* [Required action]:
A verbatim transcript of the data below is required, images omitted.

* [Source material]:
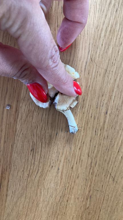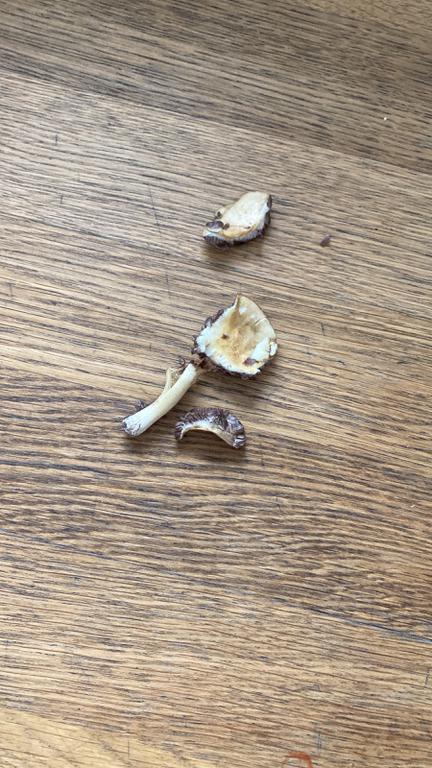 Die zerbröselten Pilzreste sind per Foto unbestimmbar. Hier einen Namen zu kreieren ist unseriös.
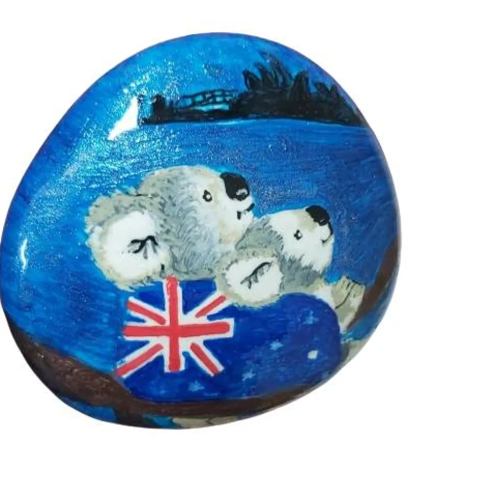 Tauchen Sie ein in die Welt Down Unders und lassen Sie sich von der Schönheit und Gelassenheit des Koalas inspirieren. Jeder Pinselstrich, jedes Detail und jede Farbe auf diesem Stein erzählt eine Geschichte von Abenteuer und Exotik. Der Koala auf dem Baum, umgeben von der australischen Flagge, ist ein Symbol für die Einzigartigkeit und Vielfalt dieses faszinierenden Landes.
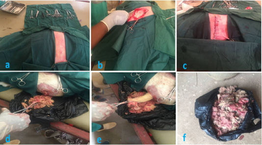 Showing the surgical procedure undertaken. (a) Triangular draping of the surgical field. (b) Incision into the abdomen via the paralumber fossa in order to exteriorize the punctured uterus for lavage and treatment. (c) Removal of the macerated fetus via the external opening. (e) Pulling of the skin remnant from the macerated fetus. (f) Complete macerated fetus removed from the uterus.

* [Result below]:
 Die zerbröselten Pilzreste sind per Foto unbestimmbar. Hier einen Namen zu kreieren ist unseriös.
 Tauchen Sie ein in die Welt Down Unders und lassen Sie sich von der Schönheit und Gelassenheit des Koalas inspirieren. Jeder Pinselstrich, jedes Detail und jede Farbe auf diesem Stein erzählt eine Geschichte von Abenteuer und Exotik. Der Koala auf dem Baum, umgeben von der australischen Flagge, ist ein Symbol für die Einzigartigkeit und Vielfalt dieses faszinierenden Landes.
 Showing the surgical procedure undertaken. (a) Triangular draping of the surgical field. (b) Incision into the abdomen via the paralumber fossa in order to exteriorize the punctured uterus for lavage and treatment. (c) Removal of the macerated fetus via the external opening. (e) Pulling of the skin remnant from the macerated fetus. (f) Complete macerated fetus removed from the uterus.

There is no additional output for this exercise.